BRIEF:
The answer should be an exact repeat of the stretch of material below from the line containing "The red circle" through the line containing "- Металлочерепица СуперМонтеррей".

EXTRACTED RECORDS:
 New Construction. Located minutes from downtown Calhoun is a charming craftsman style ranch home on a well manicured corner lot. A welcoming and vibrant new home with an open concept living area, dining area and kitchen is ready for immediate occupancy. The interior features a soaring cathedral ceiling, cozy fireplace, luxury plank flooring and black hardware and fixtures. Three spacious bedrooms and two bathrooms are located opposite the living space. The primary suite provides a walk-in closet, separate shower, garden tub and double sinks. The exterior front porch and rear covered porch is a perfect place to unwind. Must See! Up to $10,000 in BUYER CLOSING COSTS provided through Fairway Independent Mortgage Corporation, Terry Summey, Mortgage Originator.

--

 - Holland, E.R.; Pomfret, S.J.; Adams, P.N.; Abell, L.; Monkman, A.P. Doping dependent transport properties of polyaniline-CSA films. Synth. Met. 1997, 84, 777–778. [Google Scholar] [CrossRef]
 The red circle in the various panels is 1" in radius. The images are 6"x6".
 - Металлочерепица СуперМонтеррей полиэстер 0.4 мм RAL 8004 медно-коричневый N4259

ANSWER SPACE:
 The red circle in the various panels is 1" in radius. The images are 6"x6".
 - Металлочерепица СуперМонтеррей полиэстер 0.4 мм RAL 8004 медно-коричневый N4259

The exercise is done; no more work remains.